Exercise aim - Starting with the line where "Делегация РУТ (МИИТ)" appears, print every line through the end of the entries below exactly as it stands, and leave out the pictures.

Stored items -
BEGIN

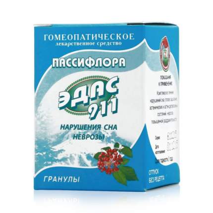 Пассифлора ЭДАС-911 , 20 г . Нарушения сна, неврозы . бессрочно . Гранулы гомеопатические . Активные вещества: Coffea arabica (кофейное дерево) С6, Strychnos ignatii (чилибуха игнация) С6, Passiflora . . .
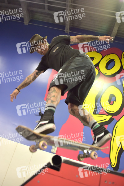 Christian Hosoi beim Start der Pop-up-Skatepark-Initiative 'Bones Love Milk' des California Milk Processor Board. Huntington Beach, 24.07.2019
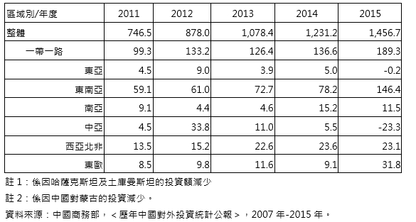 表1 2011-2015年中國對「一帶一路」沿線國家的直接投資
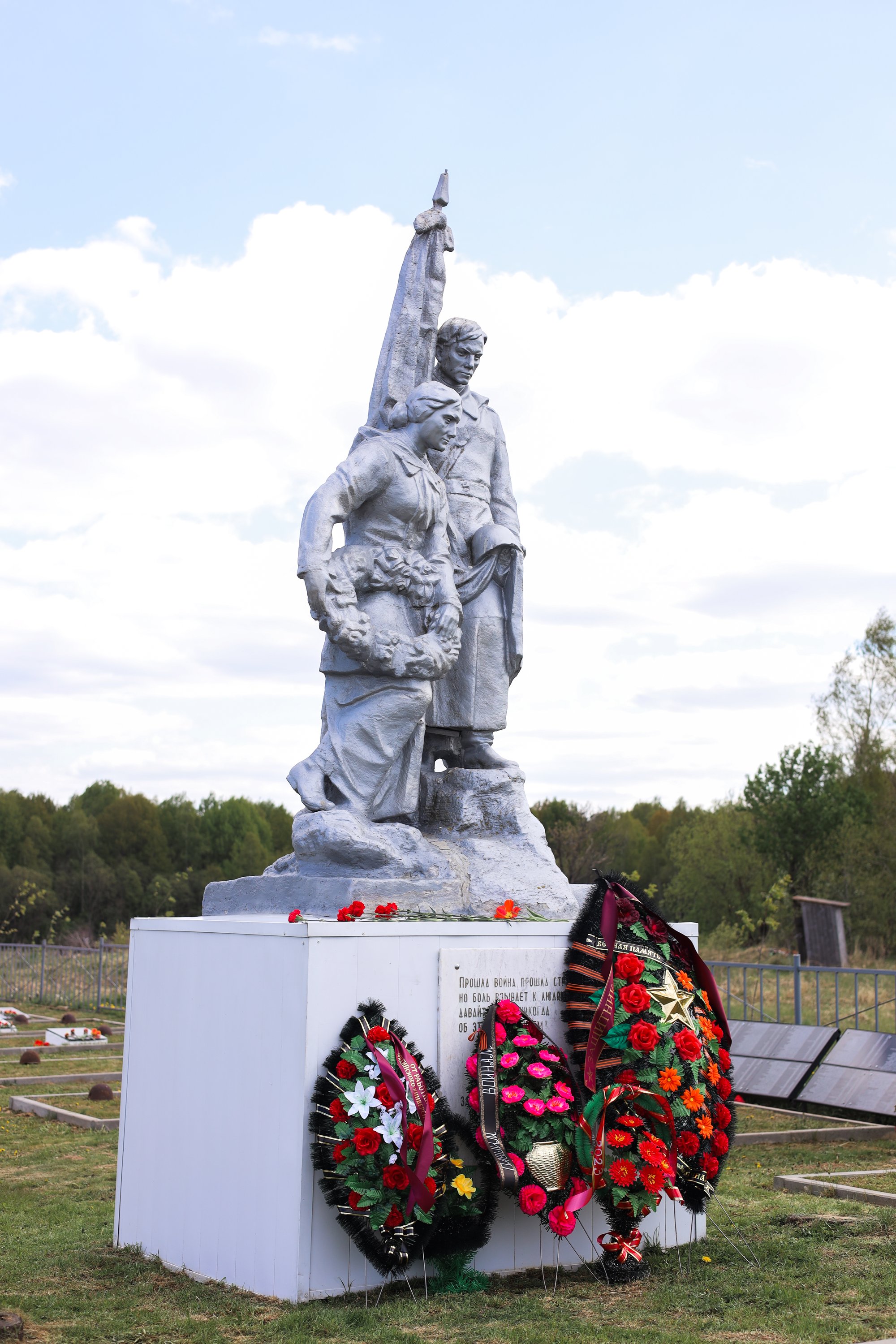 Делегация РУТ (МИИТ) провела памятный митинг на Ушаковом поле. Участники отряда «Ельня» возложили цветы к братским могилам, насчитывающим около 980 воинов Советской армии и партизан, погибших в 1941–1943 гг.
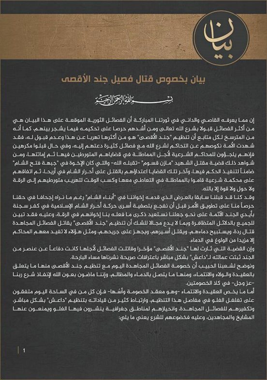 وذكر البيان في مضمونه أن سبب الانشقاق من التنظيم والانضمام إلى جبهة النصرة هو "استجابة لأمر الله تعالى بالاعتصام وتوحيد الصف، وطاعة لعلماء الأمة وعلماء الجهاد وتقوية صف المجاهدين".
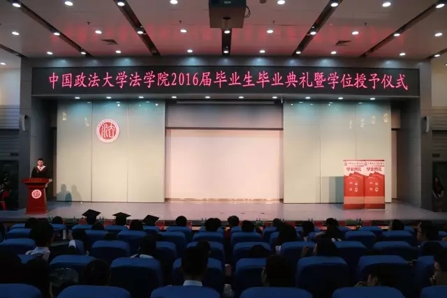 典礼伊始,主持人向在场毕业生介绍出席本次典礼的院领导和导师代表。接着, 学生代表张钊上台发言,他代表全体同学表达了对母校的热爱和感激以及对未来的信心与期许,并祝愿法大能够延续光辉、再创辉煌!

END

Problem solution -
 Делегация РУТ (МИИТ) провела памятный митинг на Ушаковом поле. Участники отряда «Ельня» возложили цветы к братским могилам, насчитывающим около 980 воинов Советской армии и партизан, погибших в 1941–1943 гг.
 وذكر البيان في مضمونه أن سبب الانشقاق من التنظيم والانضمام إلى جبهة النصرة هو "استجابة لأمر الله تعالى بالاعتصام وتوحيد الصف، وطاعة لعلماء الأمة وعلماء الجهاد وتقوية صف المجاهدين".
 典礼伊始,主持人向在场毕业生介绍出席本次典礼的院领导和导师代表。接着, 学生代表张钊上台发言,他代表全体同学表达了对母校的热爱和感激以及对未来的信心与期许,并祝愿法大能够延续光辉、再创辉煌!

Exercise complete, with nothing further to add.